Robert Godbout was convicted of first-degree murder in the January 2009 death of Renee Vaudreuil.
Her body was found in the debris after a fire destroyed the town hall in Saint-Remi-de-Tingwick, about 170 kilometres east of Montreal.
The pathology report showed Vaudreuil had been shot twice with a .410-calibre firearm and struck repeatedly in the head with a blunt object.
Godbout had been embroiled in a legal dispute with the town over his bid to open a petting zoo in the playground of an abandoned school.
The town got an injunction from the Quebec Superior Court ordering Godbout to remove the llamas, alpacas and goats he kept in the playground, which he appealed.
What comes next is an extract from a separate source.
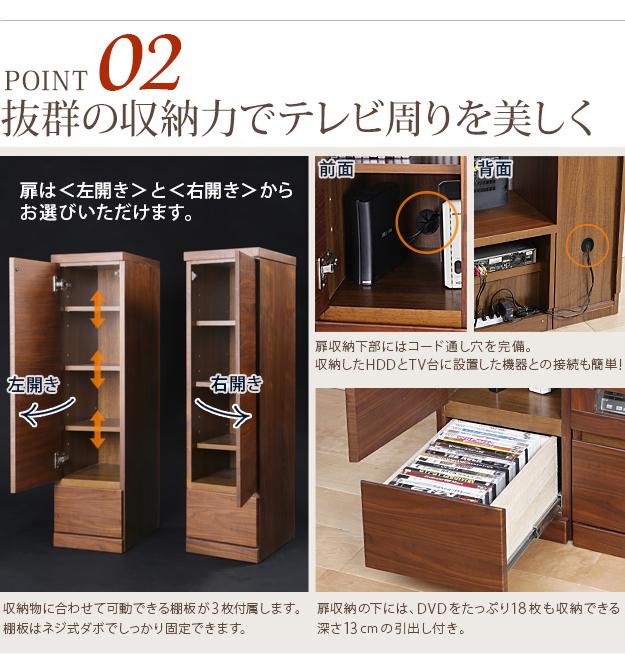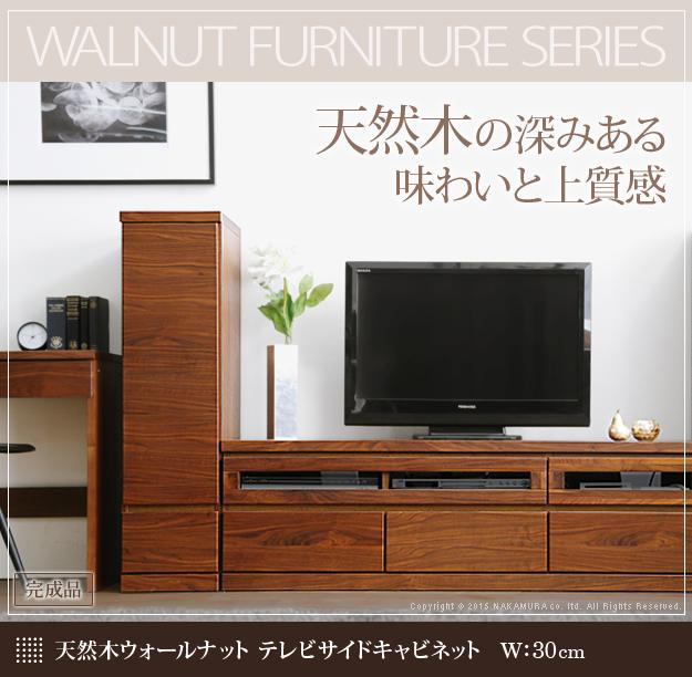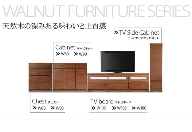 商品について:ウォールナットのキャビネットです。引出しはフルスライドレール付きで開閉らくらく。扉内可動棚板付きで6cm間隔3段階に設置可能。ウォールナットシリーズでトータルコーディネイトができます☆

On the morning of the murder, the Quebec Court of Appeal refused to hear Godbout's case.
Godbout denied killing Vaudreuil and said he never owned a gun, but did admit to going by the town hall the day of the murder.
Police searched his home and the crime scene but found no physical evidence connecting him to the killing.
Quebec Superior Court, while noting the evidence was purely circumstantial, convicted him of first-degree murder based on his presence at the town hall around the time of the killing and his possible motive.
Godbout's lawyer Mylene Lareau declined to comment on Thursday's decision, while Crown prosecutor Jean-Francois Bouvette said he was satisfied with the ruling.
"My thoughts go to the family of the victim Renee Vaudreuil, who lost their loved one in this human tragedy," Bouvette said in an email.
"It is sad that she was murdered for a litigation concerning the operation of a zoo. Nobody should be subjected to such a tragic end of their life."